About the Research Project
Program
Award Type
Postdoctoral Fellowship
Award Amount
$200,000
Active Dates
July 01, 2021 - June 30, 2024
Grant ID
A2021001F
Mentor(s)
Ksenia Kastanenka, PhD, Massachusetts General Hospital
Brian Backai, PhD, Massachusetts General Hospital
Goals
We aim to improve memory function in Alzheimer’s disease by improving sleep quality. This will be achieved by activating a specific group of neurons whose activity is impaired in Alzheimer’s disease. A particular period during sleep that is termed slow-wave sleep is associated with memory performance and is also disrupted in Alzheimer’s disease. Scientific evidence suggests that a specific group of neurons are responsible for slow-wave sleep regulation. This project aims to improve the function of these neurons through two different approaches. The first approach will utilize a novel technology to activate these neurons, followed by assessing memory in Alzheimer’s disease animal models. The second approach will rely on pharmacological approaches to support the function of these neurons.
Summary
Although numerous efforts have been attempting to find a cure for Alzheimer’s disease by targeting the traditional disease hallmarks, no treatment is currently available. Therefore, new approaches to target disease pathology are urgently needed. Sleep is disrupted early in the course of the disease.

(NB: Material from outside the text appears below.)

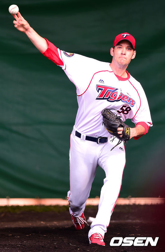 KIA 새 외국인투수 조쉬 스틴슨이 불펜 피칭을 하고 있다.
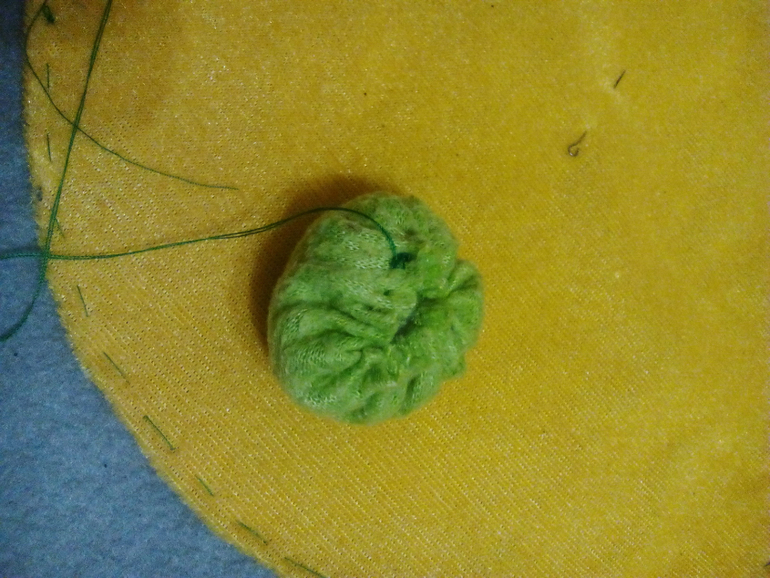 Делаем кнопки. Для зеленой на небольшой кружок из ткани кладем кусочек синтепона.

A particular period during sleep that is termed slow-wave sleep is closely associated with memory performance in healthy individuals and is also disrupted in Alzheimer’s disease. Scientific evidence suggests that a particular group of neurons are responsible for slow-wave sleep regulation. This project aims to find and activate this group of neurons and improve their function in Alzheimer’s disease mouse models through two different approaches. The first approach will utilize a novel genetic technology to activate these neurons with light, followed by assessing memory and pathology of Alzheimer’s disease in animals. This method will provide an essential proof of concept for the role of these neurons in Alzheimer’s disease-related sleep deficits. The second approach will rely on pharmacological approaches to support the function of these neurons. If successful, this method will be easier to translate to the clinic. The outcome of these experiments will allow us to understand the role of sleep in Alzheimer’s disease and offer a new therapeutic target for Alzheimer’s disease.
Unique and Innovative
We use state-of-the-art technology such as optogenetics which allows us to control neuronal activity using light. In addition, we also use multiphoton microscopy to image the brain in action in living animals.
Foreseeable Benefits
Our study has two foreseeable benefits to the public. First, it will increase our understanding of the role of sleep in Alzheimer’s disease and, therefore, will lead and direct future research efforts in the field. Second, our experiments can potentially lead to a discovery of a successful therapeutic for Alzheimer’s disease.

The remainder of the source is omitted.